Task data:
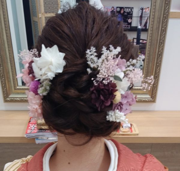成人式の前撮りにセットしたヘアですが、飾りを少なめにしたり、違う飾りをつければパーティーヘアにも大丈夫です。
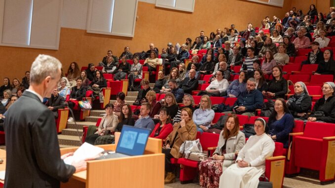 OSIJEK (TU) – Stručni skup vjeroučitelja osnovnih i srednjih škola Đakovačko-osječke nadbiskupije održan je u subotu 17. siječnja 2026. godine u prostorima Nadbiskupskog vikarijata u Osijeku. Skup je organiziran u suradnji Katehetskog ureda Đakovačko-osječke nadbiskupije i Agencije za odgoj i obrazovanje Podružnice Osijek, s temom Suvremeni izazovi odgoja i obrazovanja za poštivanje dostojanstva čovjeka kao slike Božje.
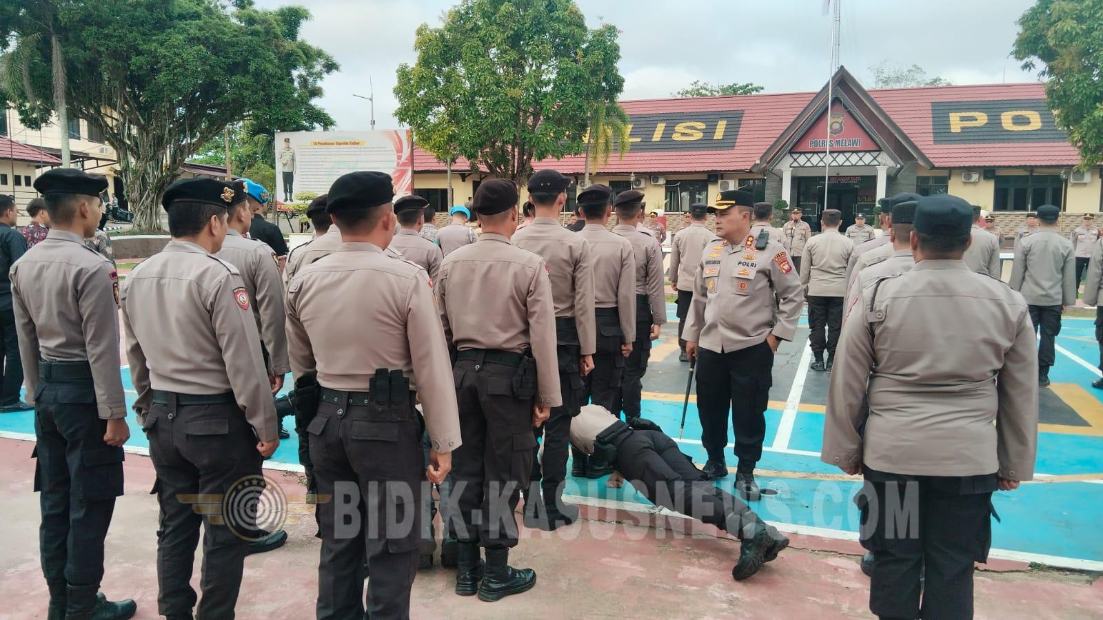 Bidik-kasusnews.com,Melawi Kalimantan Barat Polres Melawi Polda Kalbar –Pelaksanaan apel pagi di Mapolres Melawi, Jumat (27/2/2026), diwarnai dengan pengecekan langsung oleh Kapolres Melawi, Harris Batara Simbolon, S.I.K., S.H., M.Tr.Opsla. Pemeriksaan dilakukan untuk memastikan kedisiplinan dan kesiapan personel dalam menjalankan tugas pelayanan kepada masyarakat. Apel pagi tersebut dipimpin oleh Wakapolres Melawi, Aang Permana, S.I.P., S.H., M.A.P. Dalam arahannya, ia menekankan pentingnya menjaga disiplin, kekompakan, serta profesionalisme dalam setiap pelaksanaan tugas. Sambil mendengarkan arahan apel, Kapolres Melawi berkeliling ke setiap barisan personel. Didampingi anggota Provos, ia melakukan pengecekan langsung terhadap kerapian dan kebersihan pakaian dinas, kelengkapan atribut, hingga sikap tampang masing-masing anggota. Pengecekan dilakukan secara detail di barisan masing-masing personel. Kapolres memastikan setiap anggota tampil rapi sesuai ketentuan, sebagai bentuk tanggung jawab dan wujud kesiapan dalam memberikan pelayanan prima kepada masyarakat. Tak hanya memeriksa barisan saat apel, Kapolres juga melanjutkan pengecekan ke sejumlah ruang pelayanan. Ia meninjau ruang penjagaan, ruang Pamapta, serta beberapa ruang pelayanan lainnya guna memastikan kebersihan, kerapian, dan kesiapan sarana pendukung operasional. Langkah tersebut merupakan bagian dari pengawasan internal sekaligus upaya meningkatkan kualitas pelayanan publik di lingkungan Polres Melawi. Kapolres menegaskan bahwa lingkungan kerja yang bersih dan tertata rapi akan berdampak pada kenyamanan masyarakat yang datang untuk mendapatkan pelayanan. “Disiplin dimulai dari hal kecil, mulai dari penampilan pribadi hingga kesiapan ruang pelayanan. Semua harus dalam kondisi siap,” tegasnya. Dengan pengecekan rutin ini, diharapkan seluruh personel Polres Melawi semakin meningkatkan kedisiplinan, menjaga citra institusi, serta memberikan pelayanan yang profesional, humanis, dan responsif kepada masyarakat. Wartawan Si Juli
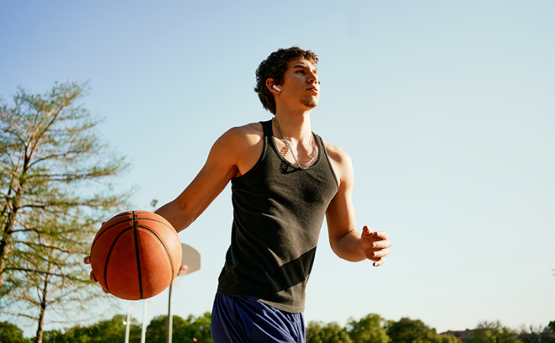 Two mics on each earbud pick up and clearly transmit your voice while canceling out ambient noise. So you can make clear, crisp calls even when you're walking through a busy park on a breezy day.
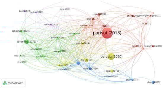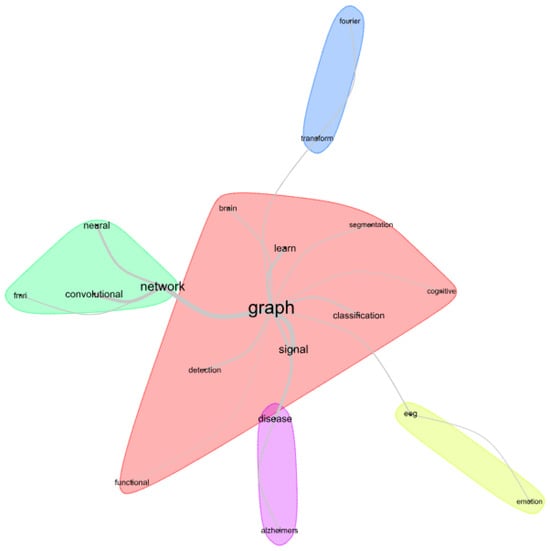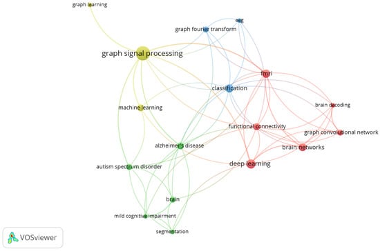 Figure 5 allows a complementary analysis. In this case, the co-occurrence of keywords is evaluated with the VOSviewer software, which is a tool for the elaboration of bibliometric networks [65]. The most recurrent terms are “graph signal processing”, “deep learning”, “graph learning”, “machine learning”, “fmri”, “connectivity”, “Alzheimer’s disease”, “autism spectrum disorder”, “brain”, “mild cognitive impairment”, and “graph fourier transform”. The nodes were divided into four clusters, so the most frequently related terms are grouped together in the same color. According to the terms shown in the figure, once again as expected, the application focused on neurology is highlighted in the terms in evidence.
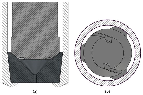 The SK nozzle utilized in this study is shown in Figure 1a. The nozzle is composed of two internal pieces that fit into the outer casing. The top piece has a head with two angled indentations that form the two inlet ports. These two inlet ports can be seen in the bottom view shown in Figure 1b. It can also be seen that the piece has a triangular shaft that fits precisely into the casing (the shaded white ring). This means that there are three slots between the top piece and the casing, which can be seen in Figure 1b as the white spaces between the dark grey and the white pieces. When liquid is pumped into the atomizer, it flows through these three slots and into the two inlet ports. The liquid then continues to the swirl chamber and the outlet channel of the bottom piece, which has an inner funnel shape.

What this task involves: The line containing "OSIJEK (TU) –" marks the end: retype every line from the first one in the listing up to and including it, without pictures.

Solution:
成人式の前撮りにセットしたヘアですが、飾りを少なめにしたり、違う飾りをつければパーティーヘアにも大丈夫です。
 OSIJEK (TU) – Stručni skup vjeroučitelja osnovnih i srednjih škola Đakovačko-osječke nadbiskupije održan je u subotu 17. siječnja 2026. godine u prostorima Nadbiskupskog vikarijata u Osijeku. Skup je organiziran u suradnji Katehetskog ureda Đakovačko-osječke nadbiskupije i Agencije za odgoj i obrazovanje Podružnice Osijek, s temom Suvremeni izazovi odgoja i obrazovanja za poštivanje dostojanstva čovjeka kao slike Božje.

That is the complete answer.